Hong Kong protests: student faces up to 7 years’ jail for rioting, after serving time in mainland China over trying to flee to Taiwan
- Engineering student Kok Tsz-lun, 20, pleads guilty in exchange for prosecution dropping two other charges in relation to protest near Polytechnic University in 2019
- Vocational school student Lam Man-nok, 21, also pleads guilty to riot charge

A university student who was jailed in mainland China for illegally crossing the border alongside 11 fugitives faces up to seven years’ imprisonment in Hong Kong after pleading guilty to rioting at the height of the city’s social unrest in 2019.
Engineering student Kok Tsz-lun, 20, was facing charges stemming from a violent protest near Polytechnic University in November 2019 when he attempted to flee to Taiwan with 11 others in August 2020.
The 12 Hongkongers were scooped up by a coastguard vessel in Chinese waters and detained in neighbouring Shenzhen, with their families complaining they could neither make contact nor help them secure the lawyers of their choice.

Kok was jailed for seven months at a Shenzhen court following a trial behind closed doors.
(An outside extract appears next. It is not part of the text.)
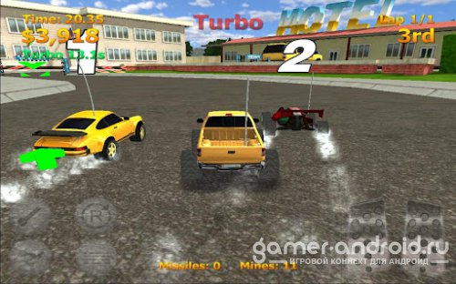 RC Mini Racers - захватывающая игра, где Вашей задачей будет управлять машинкой на пульте управлений. В игре более 32 трасс и пять круговых треков, не каких правил, сделайте всё чтобы победить! Разгромите своих соперников с помощью оружия, стреляйте, подрывайте и сталкивайте с трассы своих соперников и приезжайте первым на финиш! В игре, есть функция прокачки машинки, там Вы сможете всячески улучшать свой автомобиль.

He was escorted back to Hong Kong in March last year and remanded in custody ahead of the riot trial.
On Tuesday, Kok pleaded guilty to rioting before a deputy district judge at West Kowloon Court in exchange for prosecutors dropping two other charges relating to possession of offensive weapons and illegal instruments. Another vocational school student, 21-year-old Lam Man-nok, also pleaded guilty to the riot charge.
The court heard Kok was then 18 and a first-year student at the University of Hong Kong when he joined a violent protest near Yau Ma Tei MTR station, about 1.5km away from Polytechnic University, on the night of November 18, 2019.
Protesters had turned the Hung Hom campus into their stronghold, taking on riot police while reinforcing their defences. Their comrades attempted to give them a window to escape by staging various protests in the university’s vicinity.